This is a revolutionary strategy game, taking "Cossacks" and "Age of Empires" down to hell.

User Rating: 10 | The Lord of the Rings: The Battle for Middle-Earth Anthology PC
This is a very good collection of games. You have a quite different style of building in the first game: "Battle for Middles Earth", but the second game and it's expansion are like we're used to. Well... sort of, because it only takes one builder to build a building, you starting with two, and the economy is only in gold, which you get from farms or slaughter houses, ...
Another great thing which is in both games is that you don't build just one soldier at a time, but a hord, or a battalion. You can get a hord of 15 orcs in the first game for free. But they are the weakest. Just as weak as goblins, though the latter can get upgrades, and have poisoned blades. Now, in thee first game are four factions: Rohan, Gondor, Mordor and Isengard. You cannot fight in fortresses except in the campaign, which follows the book and the films.
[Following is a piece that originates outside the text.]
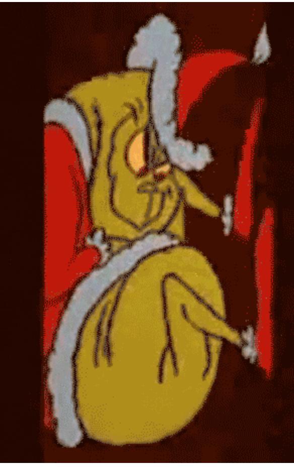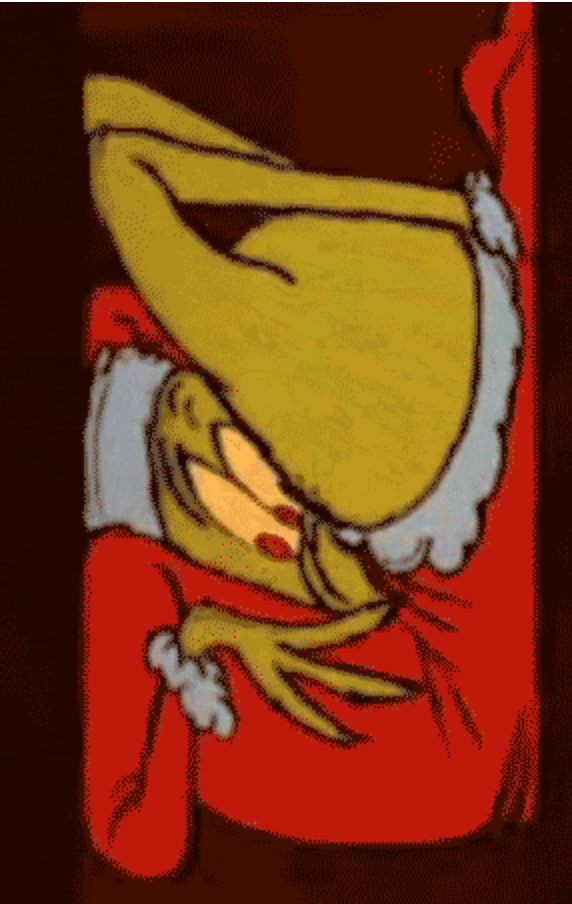 I am definitely at a loss here, because while I do understand how the Grinch got bunched up, I do not know what size chimney Grinch was travelling through. I know gravity/speed can cause odd things to happen but unless you're a stick figure, how the heck would you get bunched up in 9X13 space...that's the size of a pyrex dish. Yikes poor kiddo

The second game has six factions: Men, Elves, Dwarves, Isengard, Mordor and Goblins. In the expansion of the second game, you have a seventh faction: Angmar, which is two thousand years before the War of the Ring.
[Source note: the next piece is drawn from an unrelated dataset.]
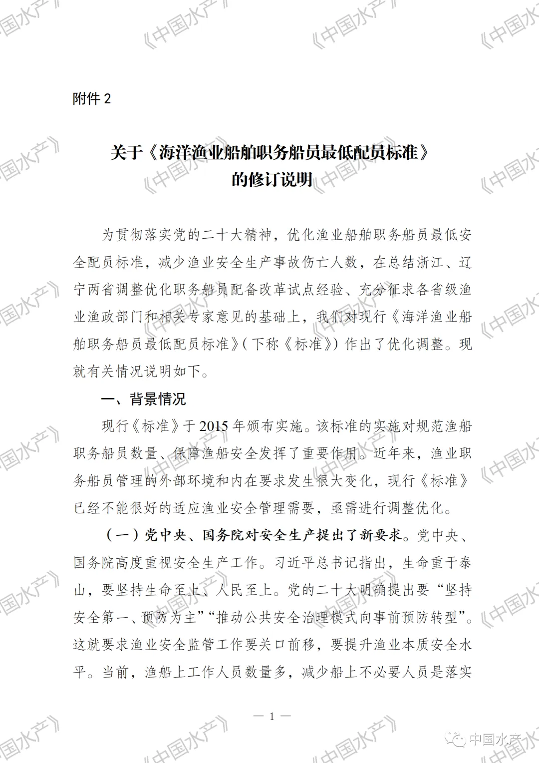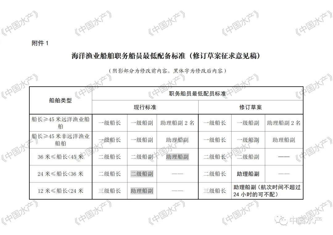 1. 海洋渔业船舶职务船员最低配备标准(修订草案征求意见稿)

Now for the campaigns. As I've already said, the campaigns (good and evil) of the first game, follow the story of the book and the films. Not exactly for the evil campaign because you destroy Edoras, Helm's Deep and Minas Tirith.
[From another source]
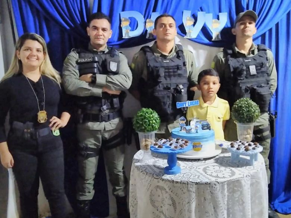 Uma guarnição da Polícia Militar da 2°CIA do 23° BPM do município de Elesbão Veloso, localizado na região Sul do Piauí, participou na noite da última terça-feira (14), do aniversário do pequeno Davy Lucas, que completou 8 anos de idade e é fã da corporação.

In the second game, the two campaigns (again good and evil) are about the War in the North, being the dwarves and the elves fighting mostly the goblins, but sometimes Mordor, and the other way round. The third mission for evil is the goblins fighting Isengard for the Shire.
The campaign in the Rise of the Witch-King is different, because it happens thousands of years before the War of the Ring. In this campaign you are Angmar, trying to take over Arnor. When you have finished this campaign, you can play this thing called"Epilogue", which is some giant battles between Angmar and Men.
In all three games, each faction has some magical powers, but to unlock them, you need some kind of points. You start with enough to by one of the first powers, but to get more points for the more powerful powers, you need to kill or destroy your enemy's soldiers and buildings. These powers go by steps, the weak first, all the way to the most powerful.
In these games, you can also get heroes (examples, Aragorn, Legolas, Gimli, Lurtz, Saruman, ...). The heroes also have some powers, but they only need to go up a level to unlock them. These heroes are individual, cost a lot of money, but are very powerful and resilient. When a power is used, it must recharge before being reused. The stronger the power, the longer it takes for it to recharge.